Después del antidescubrimiento obtenido durante la jornada, me dí cuenta que no podía continuar perdiendo el tiempo. De la misma forma que tenía la certeza de que los sucesos no habían aumentado sino que sencillamente habían comenzado a ser visibles, tenía la certeza de que todas aquellas muertes repentinas, acaecidas con más o menos violencia, de alguna manera habían sido propiciadas de forma voluntaria por una fuerza que lejos de ser mayor o emparentar con el destino, estaban tan cerca del finado que éste era incapaz de sospechar de su peligro.

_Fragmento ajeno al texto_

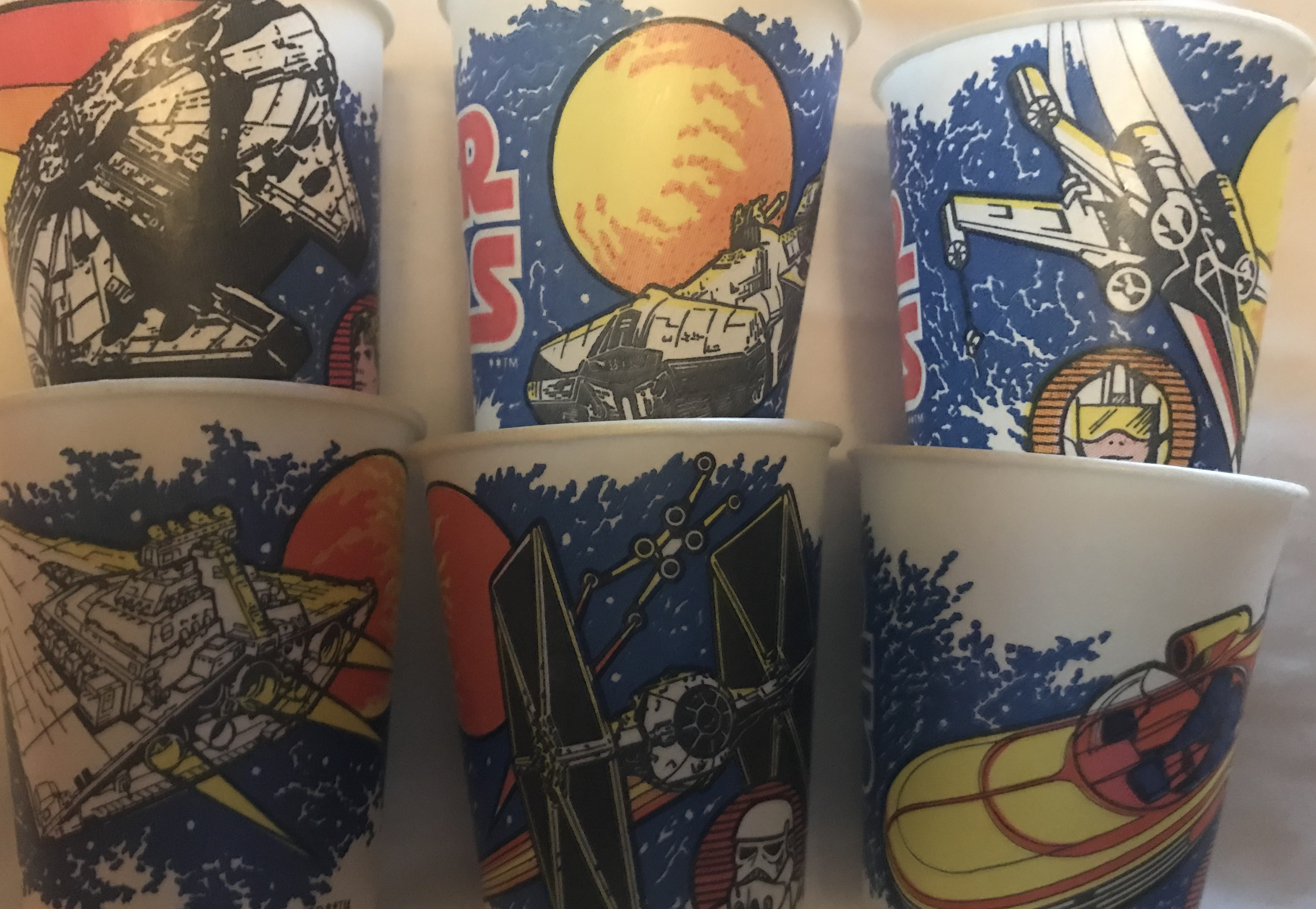 Dixie Cups are one of the most exciting, imaginative and rewarding products to track down with a total of 146 5oz cups depicting key characters and scenes from across all 3 movies of the original trilogy. The Dixie Cup brand was purchased by the American Can Company in 1957 who then produced the cups in 1980. Most of the cups can be purchased for as little as 50p and purchasing in bulk lots is commonplace and can be beneficial.

La primavera se había convertido, con sus idas y venidas, en un periodo espeso, que a modo de engrudo penetraba en nuestros cuerpos haciendo que un nudo intragable se apoderase de la entrada de nuestro estómago, exactamente en el punto final de la aguja del esternón, dando un leve paso al verdejo de turno, tomado de manera deliberada con la intención de liberar ideas o en su defecto, acusar el estado de sopor que ya sin él, veníamos viviendo.
Era tiempo ya de decidirse, de dejar la lectura de lado, pues había transformado el vicio en poco más que una excusa para continuar vageando. La pereza me había convertido en su esclavo y yo limpiaba mi conciencia bajo las páginas de algun libro.
Lejos estaba la historia de la perfumera, olvidada más que escondida en el dos punto cero. El editor no dejaba de enviar correos y yo, en un limbo inventado, descubriento entuertos, como si tuviera tiempo, como haciendo compañía al muerto.